凌沭微微一愣,看了看内殿,又看了看郑女官,想了想,终是点了点头。
“多谢郑女官。”
郑女官低头侧身,身为下臣,不敢接受她的谢礼。
引着凌沭进了内殿,郑女官就退了三步,站在内殿入口处,保持一个很好的距离。若是凌沭低声说话,她便听不到,若是凌沭有事提声招呼,她也能随时过去。
凌沭脚步放得很轻,虽然女皇是昏睡,但她还是下意识尽量不发出任何声响。
站在凌元女皇床榻前看了一会儿,凌沭蹑手蹑脚地挪了块凳子过来,轻轻放在床前,坐下。
这是她第二次仔细地打量凌元女皇,自她到这个世界以来,见过凌元女皇的次数屈指可数,每次见也都是不相看。凌元女皇当她不存在,她也总是低头看鞋面。
如今凌元女皇病了,她才真真切切地将这个女皇陛下细细地看了两次。
凌元女皇如今已经四十又七,平素总是一脸威严,周身气场让人不敢直面,如今大概是病了的缘故,脸色苍白,闭眼躺着,整个人柔和了许多。
原来,凌元女皇长得也是好看的。
凌沭觉得,同大皇女有七八分像。不难想象,年轻时的凌元女皇,定然也是大皇女这般吧。
她们八个人,自己和二王女凌柊同女皇是最不像的,其他人不是眼睛像,就是鼻子嘴巴像,而大皇女同女皇相像的地方最多,不论是长相还是气质。
凌沭坐了许久,想起了那个美如画的男人,终是轻叹了一口气,“你还记得他吗?”
沉默。
昏睡中的凌元女皇当然没有回答她,凌沭也不需要她回答,这些话,她只敢现在在没有知觉的女皇的面前说。
“你知道吗?他等了你二十年,”凌沭眼中满是疼惜,“虽然他不曾开口,但是我看得出来,他一直在等你。”
凌元女皇静静地躺着,凌沭相在对空气说话:
“我不知晓你们的过往,或许真的同传言的那样,不过一夜雨露,但就是这一丝牵连,让他等了你二十年。我想他根本不需要什么名分,只是简单到希望能再见你一面,一面就好。可你,早就将他忘了吧。”
凌沭顿了顿,又将自己否决,“不对,你会记得他的,因为我。有我存在的一天,你就不会将他忘记,我是你们之间,唯一的联系。”
说到这儿,凌沭自嘲一笑,“所以,这也就是你不待见我的原因吧,不在乎到即使我被人害死,你都不曾问过一句。你真可怜啊凌沭,死得无人知晓,无人悲怜。”

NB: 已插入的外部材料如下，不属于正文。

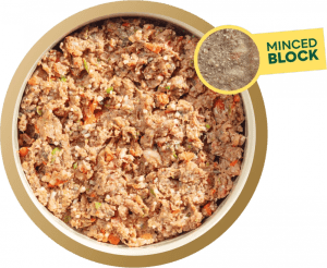 Meaty chicken and tripe raw dog food blocks with salmon. A delicious complete and nutritionally balanced raw meal for dogs. Pack size 300g.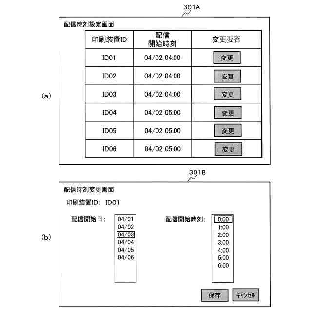 販売店端末において各印刷装置の配信時刻を設定するための配信時刻設定画面を表す説明図、及び、配信時刻を変更するための配信時刻変更画面を表す説明図である。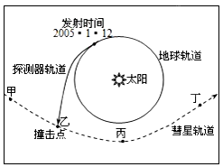 5、单选题 太平洋时间2005年7月3日22时52分(北京时间2005年7月4日13时52分),美国宇航局(NASA)重达372公斤的铜质撞击器,在距地球约1.3亿公里处与坦普尔1号彗星成功相撞,完成了人造航天器和彗星的“第一次亲密接触”。图中反映的天体系统是( )
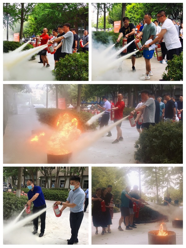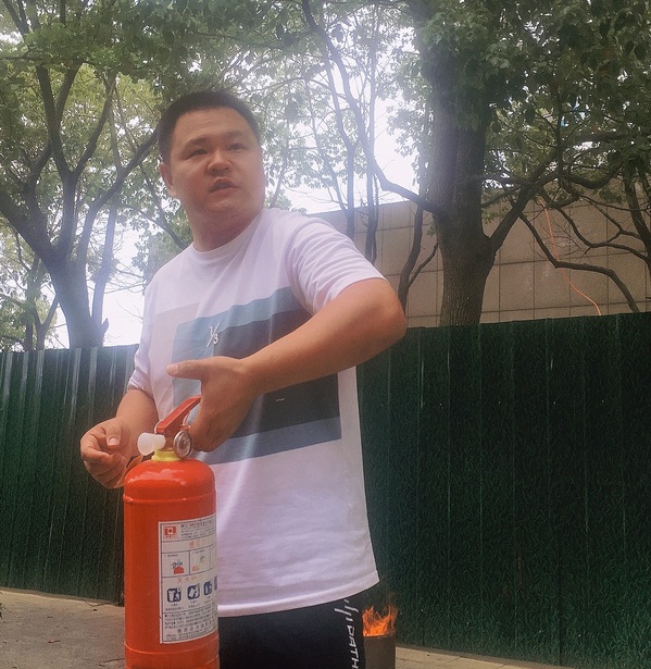 实战演习在两团熊熊烈火和滚滚浓烟中正式开始,梁润向教职工们介绍了灭火器的使用方法。在认真听讲及观摩后,各位员工四人一组,实战体验了使用灭火器灭火过程。面对熊熊燃烧的火堆,教工们表现的十分积极勇敢,按照灭火步骤和方法将火堆燃起的浓烟大火迅速扑灭。对于一些不规范的操作现象,梁润也现场给予及时纠正。

想起‘凌沭’早已死去,凌沭心下有些悲凉,“从掉下太液池后,我便不再是从前的凌沭了。我以为即使身上流着你的血,但要当做陌生人还是很容易的,可直到我遇见了他,那个你甚至不愿意别人提起名字的男人,我才知道,我同你,当不了陌生人,即使我是天下人所说的凌元女皇最不待见的七王女,但,我是你的女儿,这是不可磨灭的事实。”
凌沭顺手抚平了床沿的被单,“你究竟,为什么要留下我?既对他无情,又为什么要……生下我。一夜恩情,你走你的阳关道,回到你的江山里叱咤风云,可他,却守着他的水云涧,在水云涧里,等了你一年又一年……”
“人面不知何处去,桃花依旧笑春风。”
凌沭站起来,平静的面上,眼中情绪难掩,缓缓接着道:
“而你,是否还记得他的模样?”
说罢最后看了床上的人一眼,转身离开。
而在她离开后,床上的人手指微动,眼角流出一滴湿润……
郑女官见凌沭走出来,将人一直送到寝殿外。
“母皇就有劳郑女官照顾了。”凌沭对她点了个头,转身朝外走。
郑女官看着她的背影,目光复杂,几欲张口,话到嘴边又咽下。
*
回到幽王府,凌沭的情绪依然有些低落。吃晚饭的时候,虽然她还是像平时一样表情淡淡,偶尔提两句好笑的话,但季琉末和遥歌明显感觉到——她并不高兴。
季琉末早问了蓝田凌沭今日的行程,知道她去了一趟乾明宫,猜测是跟女皇和水清浅有关,便不知道该安慰些什么。
遥歌虽不知凌沭心情低落的原有,也没有去问她今天做了什么,只是亲自下厨做了拿手的银耳莲子汤,端到书房去。
吃过晚饭,凌沭就一个人待在书房里,每每想起她那美人爹,就心疼不已,对女皇的冷漠感到失望。
门被敲响,凌沭将思绪收回,道了声进来。见是遥歌,手里还端着银耳莲子汤,便压下心里的烦恼,重新扬起一抹笑容。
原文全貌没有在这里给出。